----- DATA IN THIS EXERCISE -----

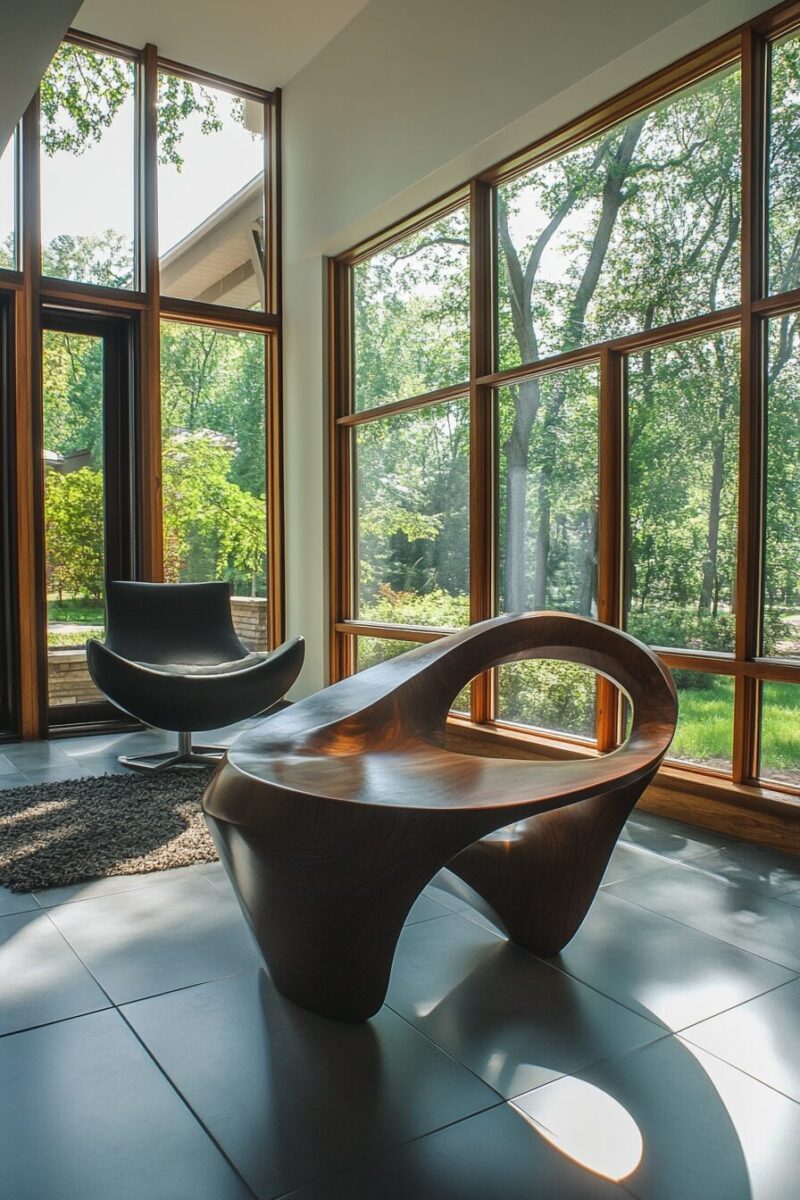 Choose sleek, low-profile furniture with simple silhouettes that won’t compete with the views outside your windows.
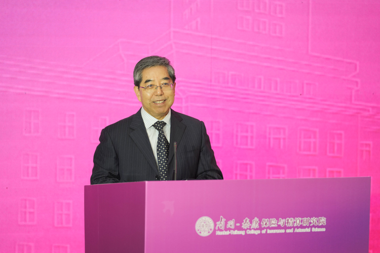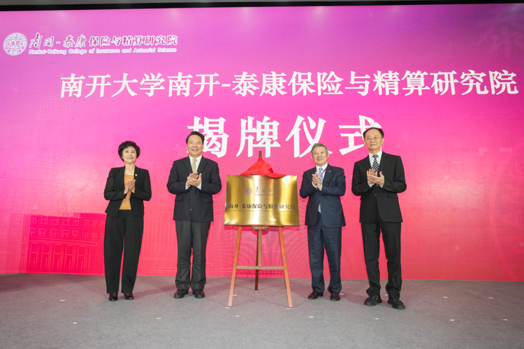致辞后,陈雨露、陈东升、张文中、杨克欣共同为南开-泰康保险与精算研究院揭牌。
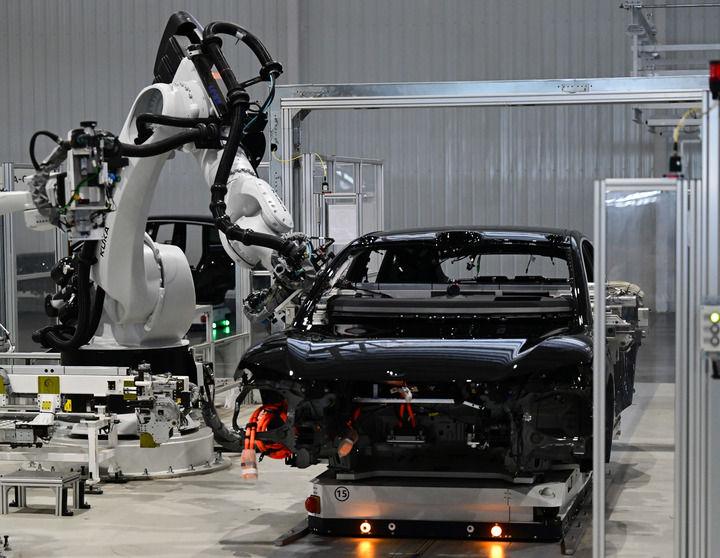 2025年7月1日在合肥市新橋智能電動(dòng)汽車產(chǎn)業(yè)園蔚來(lái)第二工廠拍攝的新能源汽車生產(chǎn)線。新華社記者 周牧 攝
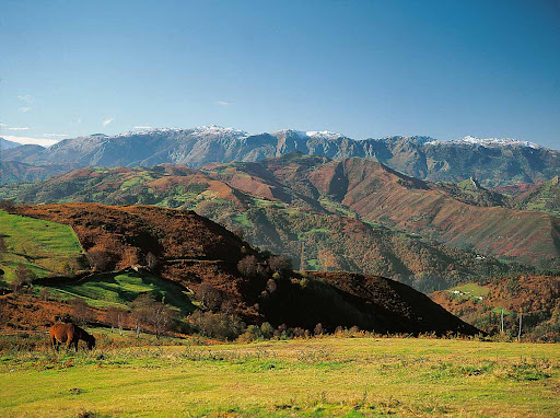 Siguiendo la senda que la propia naturaleza ha marcado y el hombre a pronunciado, nos encontramos sin duda un lugar compuesto por tierra y agua, lugar de medio natural que por sus valores estéticos, culturales y paisajísticos sean merecedores de una protección especial, nos encontramos frente a la Sierra de Aramos en pleno corazón del Principado de Asturias. Formada y rodeada por valles de una hermosura única difícil de expresar, con formaciones rocosas que se extienden hasta rozar la suela de nuestros zapatos. Una región donde la fauna común son los lobos, liebres, armiños, jabalís y corzos conviven en el mismo medio aunque no siempre en buena armonía. La configuración calcárea es perfilada sutilmente por el relieve contrastado del fino contorno de los cordales y valles que lo circundan. Los ríos que discurren por sus laderas son el Riosa y el Morcin, sus aguas se deslizan por las pendientes formando numerosas varillas cerradas, cuevas y ollas también llamadas Toyos. Podemos observar durante todo el año abundantes majadas de verdes praderas donde pasta el ganado. Las laderas nos regalan a la vista acebos, hayas, robles y castaños. Hemos de decir que en éste lugar nos encontramos en plena armonía con la naturaleza, donde el hombre aun no ha osado en marchitarlo. En la Sierra Aramo podemos optar por dos tipos de ruta. La primera la ruta Viapará-Angliru destacando que desde su cima podemos contemplar unas impresionantes vistas de casi todo el Principado de Asturias e incluso en días claros podemos observar el Mar Cantábrico, Picos de Europa…etc. La segunda ruta es la llamada Mullieros-Curva Llagos, que discurre através del monte y las grandes praderas que lo rodean. Un cordal calizo que nos puede dejar deslumbrados por su belleza natural.
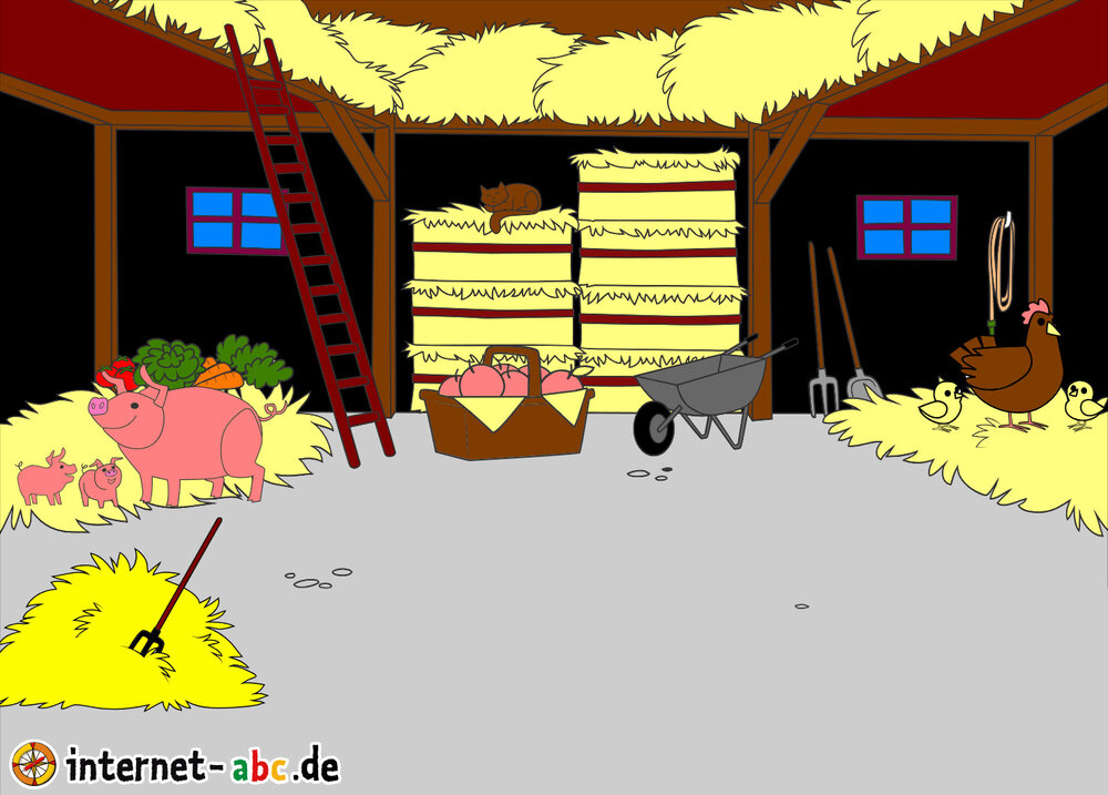 Mit Eddie zu den Hühnern? Mit Flizzy das Heu in die Scheune bringen? Malt ein Bauernhof-Bild mit dem Internet-ABC und schreibt eine schöne Geschichte dazu!

-----

→ **TRY IT**: Reproduce the data above exactly, leaving each picture out.

→ **YOUR SOLUTION**:
 Choose sleek, low-profile furniture with simple silhouettes that won’t compete with the views outside your windows.
致辞后,陈雨露、陈东升、张文中、杨克欣共同为南开-泰康保险与精算研究院揭牌。
 2025年7月1日在合肥市新橋智能電動(dòng)汽車產(chǎn)業(yè)園蔚來(lái)第二工廠拍攝的新能源汽車生產(chǎn)線。新華社記者 周牧 攝
 Siguiendo la senda que la propia naturaleza ha marcado y el hombre a pronunciado, nos encontramos sin duda un lugar compuesto por tierra y agua, lugar de medio natural que por sus valores estéticos, culturales y paisajísticos sean merecedores de una protección especial, nos encontramos frente a la Sierra de Aramos en pleno corazón del Principado de Asturias. Formada y rodeada por valles de una hermosura única difícil de expresar, con formaciones rocosas que se extienden hasta rozar la suela de nuestros zapatos. Una región donde la fauna común son los lobos, liebres, armiños, jabalís y corzos conviven en el mismo medio aunque no siempre en buena armonía. La configuración calcárea es perfilada sutilmente por el relieve contrastado del fino contorno de los cordales y valles que lo circundan. Los ríos que discurren por sus laderas son el Riosa y el Morcin, sus aguas se deslizan por las pendientes formando numerosas varillas cerradas, cuevas y ollas también llamadas Toyos. Podemos observar durante todo el año abundantes majadas de verdes praderas donde pasta el ganado. Las laderas nos regalan a la vista acebos, hayas, robles y castaños. Hemos de decir que en éste lugar nos encontramos en plena armonía con la naturaleza, donde el hombre aun no ha osado en marchitarlo. En la Sierra Aramo podemos optar por dos tipos de ruta. La primera la ruta Viapará-Angliru destacando que desde su cima podemos contemplar unas impresionantes vistas de casi todo el Principado de Asturias e incluso en días claros podemos observar el Mar Cantábrico, Picos de Europa…etc. La segunda ruta es la llamada Mullieros-Curva Llagos, que discurre através del monte y las grandes praderas que lo rodean. Un cordal calizo que nos puede dejar deslumbrados por su belleza natural.
 Mit Eddie zu den Hühnern? Mit Flizzy das Heu in die Scheune bringen? Malt ein Bauernhof-Bild mit dem Internet-ABC und schreibt eine schöne Geschichte dazu!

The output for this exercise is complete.